Em razão do envolvimento de seu pai no episódio e por apelos da família, Mauro Cid decidiu fazer delação premiada e contar tudo que sabia. Seu celular é uma espécie de diário de bordo da conspiração para manter Bolsonaro no poder. A operação de ontem da Polícia Federal foi realizada com objetivo de comprovar os fatos relatados na sua delação premiada.
Apreendido na operação de busca e apreensão realizada na sede do PL, em Brasília, em tom de discurso oficial, documento apócrifo anuncia a decretação de um estado de sítio e da garantia da lei e da ordem no país. Estava na sala de Bolsonaro, que teve seu passaporte apreendido e foi proibido de sair do país. O presidente da legenda, Valdemar Costa Neto, foi preso em flagrante por porte de arma e de uma pepita de ouro sem registro.
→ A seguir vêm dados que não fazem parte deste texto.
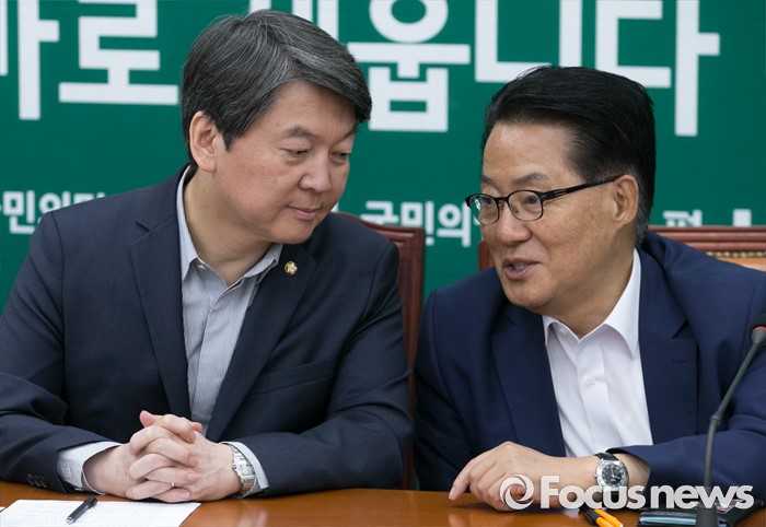 (서울=포커스뉴스) 8일 오전 서울 여의도 국회에서 열린 국민의당 최고위원회의에 참석한 안철수(왼쪽) 상임공동대표와 박지원 원내대표가 대화하고 있다.

Os generais Braga Netto, ex-chefe da Casa Civil e candidato a vice-presidente, e Augusto Heleno, ex-chefe do Gabinete de Segurança Institucional (GSI), estão entre os alvos da operação. Num dos diálogos registrados no celular de Mauro Cid, Braga Netto chama o então comandante do Exército, general Freire Gomes, de “cagão” e ordena que militantes radicais cerquem a casa do militar, por não ter aderido ao plano golpista.
Em outra gravação, o general Augusto Heleno, em julho de 2022, defende uma “virada de mesa, um soco na mesa” antes das eleições presidenciais. “Depois não vai ter VAR”, argumentava. Outra minuta golpista, que pedia a prisão dos ministros Alexandre de Moraes e Gilmar Mendes, do STF, e do presidente do Congresso, Rodrigo Pacheco, teria sido alterada pelo próprio Bolsonaro, que excluía Gilmar e Pacheco, mas manteve Moraes.
Todos estariam envolvidos diretamente nos atos do dia 8 de janeiro, quando milhares de manifestantes invadiram e depredaram as sedes dos Três Poderes (Palácio do Planalto, Congresso e Supremo). Segundo a PF, os investigados se uniram com objetivo de criar condições para uma intervenção militar que mantivesse Bolsonaro no poder.
Bom carnaval, volto na quinta-feira, 15 de fevereiro.